Before making any guardianship order, after conducting a hearing into any guardianship application, the Guardianship Board should consider (section 59O(1) of the Mental Health Ordinance (MHO)):

  1. The representation (if any) of any person present at the hearing to whom a copy of the guardianship application has been sent; 
  2. The social enquiry report from the Director of Social Welfare, containing the views and wishes of the person concerned, insofar as they may be ascertained, and include an assessment of the his/her family background, and social and financial situation; 
  3. Whether the mentally incapacitated person (MIP) indeed needs a guardian. 

 

Guardianship orders must be subject to terms and conditions as the Guardianship Board sees fit.
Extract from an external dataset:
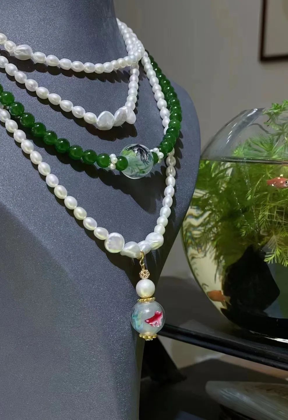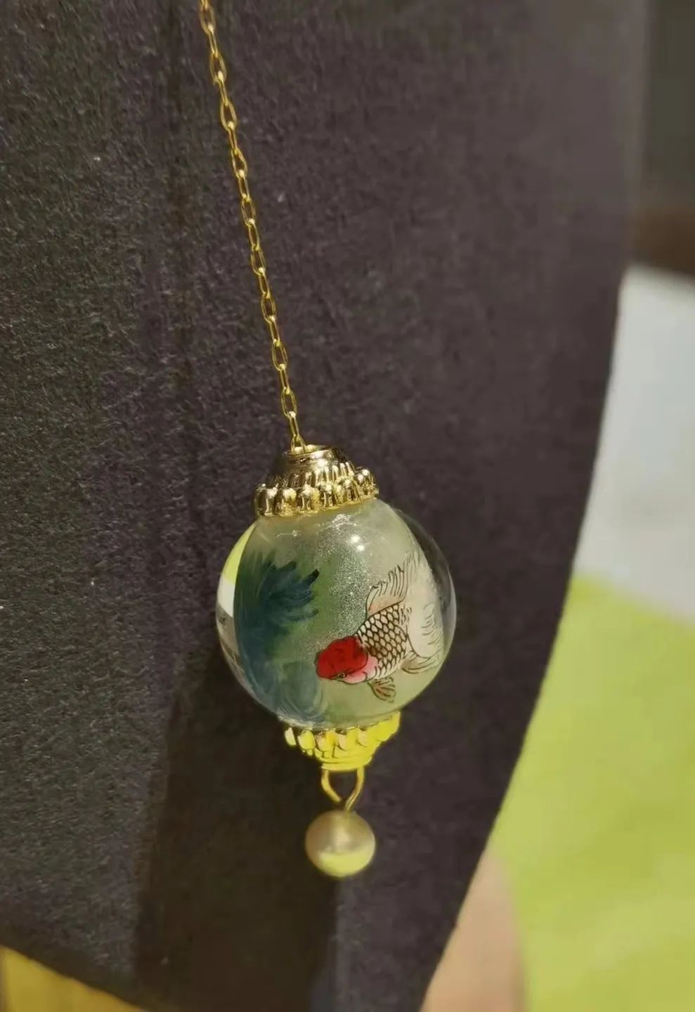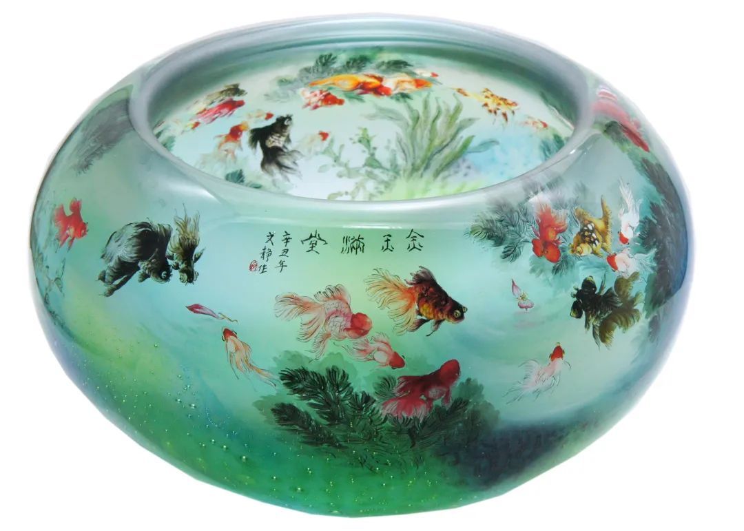 “传统的内画载体就是小小的鼻烟壶,但我很想把金鱼灵动的感觉表达地更完美一些,也想让鲁派内画传播的更广一些,因此我和我丈夫一直在尝试创新内画的载体。”

The conditions can include terms prescribing the exercise, extent and duration of any particular powers, and the duties of the guardian appointed. (section 59O(2) of the MHO).

 

There are 4 criteria that must be satisfied before a guardianship order is made by the Guardianship Board in respect of an MIP (section 59O(3) of MHO): 

  1. Mental disability: that the MIP (who is mentally disordered), is suffering from mental disorder of a nature or degree which warrants his reception into guardianship; OR the MIP who is mentally handicapped suffers from a mental handicap of a nature and degree which warrants his reception into guardianship; 
  2. Limitations brought by the mental disability/handicap: The mental disorder/handicap limits the MIPs ability to make reasonable decisions about most or all aspects of their personal life, such as housing and care arrangements; 
  3. Needs and last resort: The MIP’s needs can only be properly met through guardianship, and there is no less restrictive or intrusive way to provide the necessary support; and 
  4. Best interest: Receiving the MIP into guardianship must be in the interest of the welfare of the MIP or for the protection of other persons.